Here was a documentary with an explicitly political dimension on top of the familiar sight of hospital staff performing heroics. We felt desperate sympathy for the patients, following their ups and downs almost as if they were our own families’ troubles. We marvelled at the fortitude and kindness of doctors and nurses working in various places across the country, all on the same day in October last year. But we were also warned directly that replacing one of the world’s fairest and most efficient healthcare systems would put these things at risk.
Women waiting for gastric band surgery discussed the cost to the taxpayer of the procedure, but were genned up on the savings in the long term of, for example, preventing diabetes. One of them had her procedure on camera – or she would have, if not for a devastating moment where the surgeon found what appeared to be a large tumour in her pelvis. Now she had a different set of needs which, the surgeon unabashedly explained, would seamlessly be taken on by the NHS. He’d previously trashed the idea that obese people don’t deserve to receive care in the first place.
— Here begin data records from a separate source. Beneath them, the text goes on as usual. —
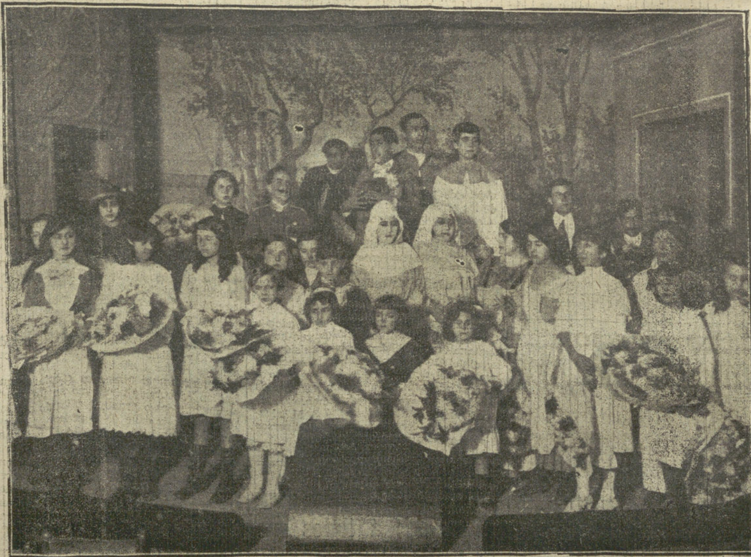
Alum. 33 del Ateneo Valentino, en Barcelona, que tomaron parte en el festival celebrado con motivo del sexto aniversario de su fundación.

Esta palabra viene de la divinidad latina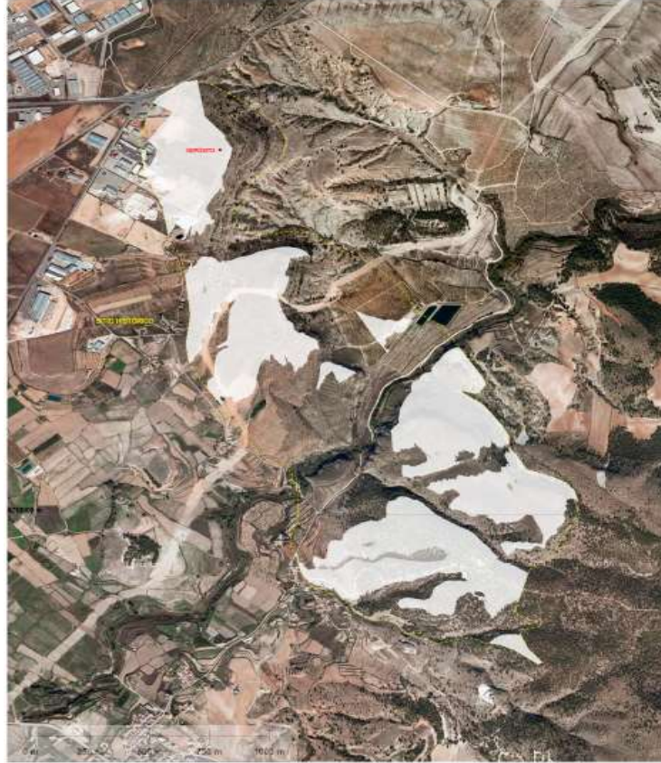
Fig. 1 En blanco se representan las áreas del sitio histórico del estrecho de las Cuevas de la Encarnación desde las que será visible el depósito.

3.3 Las actuaciones arqueológicas preventivas deberán ser sufragadas en su totalidad por el promotor de las obras, con independencia de las ayudas que las administraciones puedan arbitrar puntualmente (art. 59.1 de la LPCRM). Por ello, el "Proyecto de mejora del abastecimiento a pedanías de Caravaca" deberá consignar estas actuaciones presupuestariamente antes de su licitación. Del mismo modo, el apantallamiento vegetal del nuevo depósito deberá también quedar incluido en la memoria del proyecto y en su presupuesto.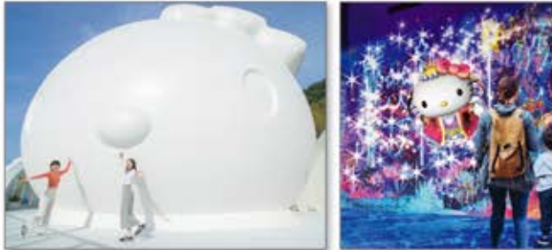
▲ハローキティの巨大オブジェは撮影スポットとして大人気

海をテーマにしたハローキティの世界をプロジェクションマッピングで体験。食の宝庫淡路島の食材で本格的な中華料理も楽しめる。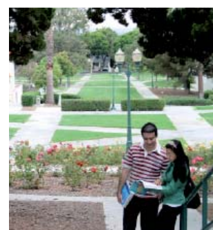
Кампус Колледжа Уиттиер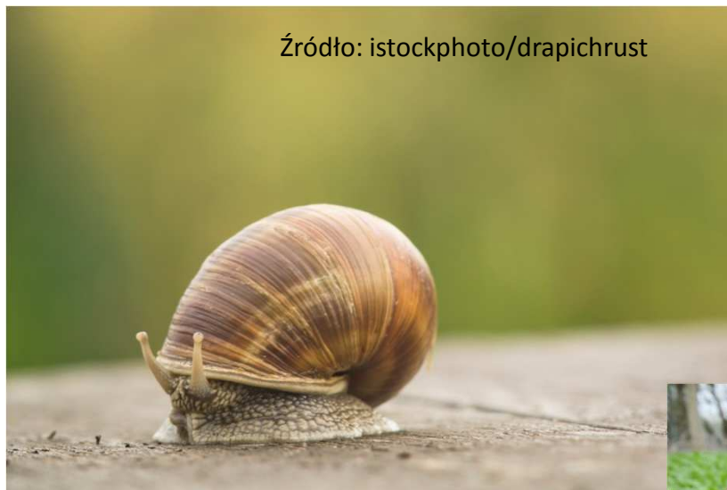
Ślimak winniczek ( Helix pomatia )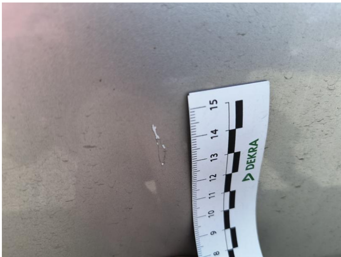
Fot. 39 Drzwi przednie P - Rysa/odprysk 1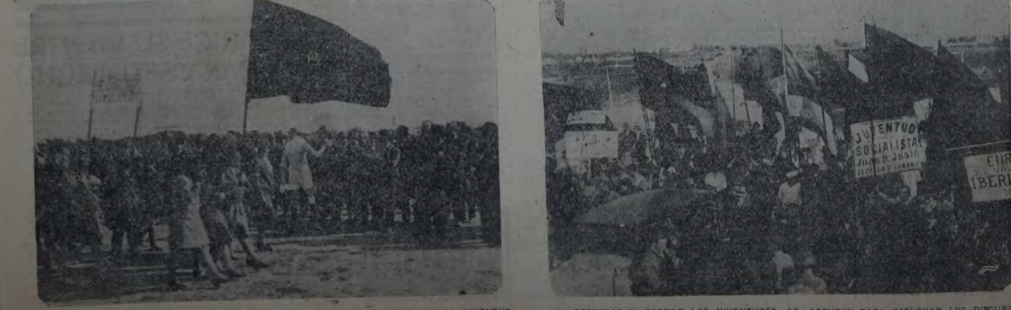
CABEZA DE LA MANIFESTACION AL INICIARSE EL DESFILE EN LA FIESTA DE LA JUVENTUD AL TERMINAR EL DESFILE, LAS JUVENTUDES SE AGRUPAN PARA ESCUCHAR LOS DISCURSOS

Con los auspicios de la Comisión de Cultura de la Casa del Pueblo, el doctor Max Birabén disertará mañana martes, a las 21 horas, en el salón de conferencias de la Casa del Pueblo, sobre "Las organizaciones sociales en el mundo de los insectos", ilustrando la conferencia con proyecciones luminosas.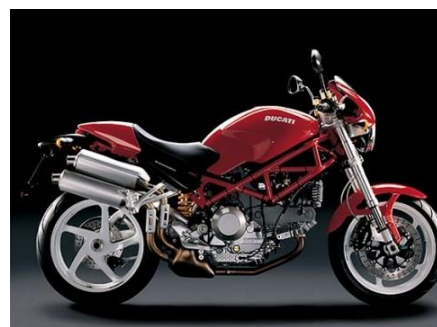
Ducati Monster -1992 Miguel Galluzzi per Ducati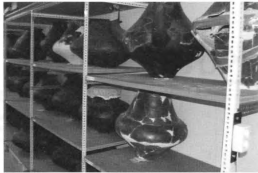
A Természettudományi Múzeum gazdag leletanyagának kis részlete a raktárakban

A konferencia idejére Társulatunk megjelentette a 2006. évi – Budapesten rendezett – 8. ALCADI szimpózium előadásait tartalmazó kötetet, melyet a helyszínen át is adtunk a jelenlévő akkori résztvevőknek, a jelen nem lévők ezt követően postán kapták meg.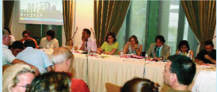
El plenari es va celebrar al començament d'estiu.

Al plenari del juliol es va informar que al solar de la Model hi haurà equipaments municipals. També s'hi van presentar dues pàgines web dedicades al jovent i al comerç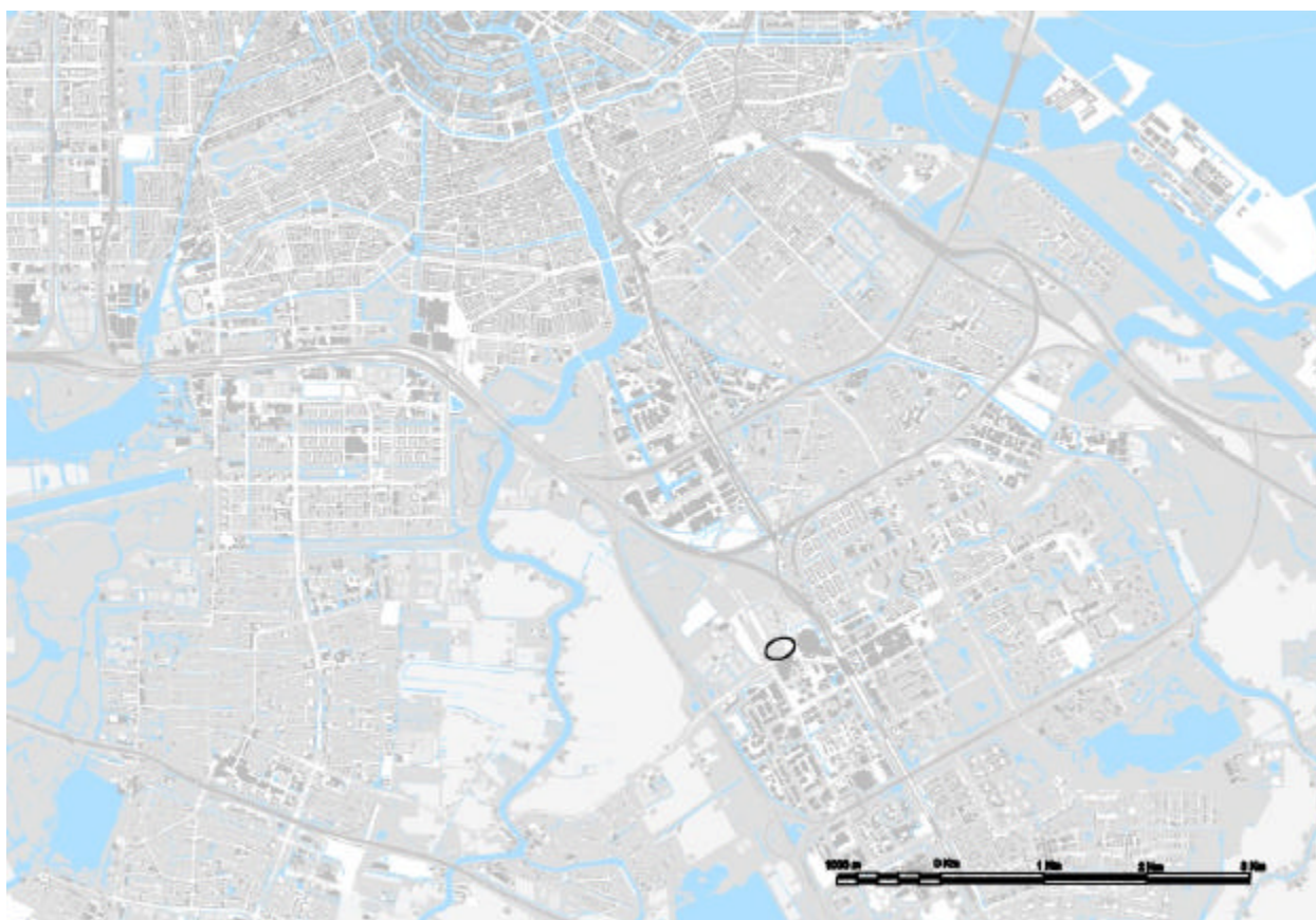
Ligging van het plangebied, Amersfoortcoördinaten 124300, 480700

In opdracht van het planteam REO is een natuurtoets uitgevoerd voor de bouw van een Music Dome in Amsterdam Zuidoost. Op de geplande locatie bevindt zich nu een parkeerterrein en een groengebied in een lus van de afslag van de Burgemeester Stramanweg. In deze lus broedt jaarlijks een kolonie kokmeeuwen, visdiefjes en enkele zwartkopmeeuwen. Voor deze soorten en de andere broedvogels is een ontheffingsaanvraag Flora- en faunawet niet nodig. De nesten van de vogels zijn gedurende de broedtijd beschermd, bij de planning en de uitvoering van de werkzaamheden moet hier rekening mee worden gehouden. Geadviseerd wordt om in de omgeving daken zo in te richten, dat visdiefjes er op kunnen broeden. Alhoewel de kans, dat de rugstreepdijk vanuit de Duivendrecht polder het plangebied kan bereiken klein wordt geacht, wordt toch geadviseerd om bij de werkzaamheden voorzorgsmaatregelen te treffen. Dit kan door er voor te zorgen dat er geen voortplantingswater beschikbaar is.

A consultant at a children’s hospital described how she’d spent 25 years in her job trying not to be emotionally devastated by her patients’ plight. She mentioned “the number of times you miss your child’s first nativity play or parents’ evening or sports day or that dinner date you’ve had in the diary for ages… these other events are competing with a sick child. You will never win. You will always stay with a sick child before you would go home.” That profit-driven private healthcare companies tend not to display this sort of selfless dedication didn’t even need to be said.
The problem with all this was that a programme along these lines would have been jolly effective just over a year ago, when the bill was being debated, and when campaigners felt strongly that the BBC was failing adequately to report their concerns. Now, a celebration of the NHS as an awesome expression of collective compassion felt less like a protest and more like an elegy.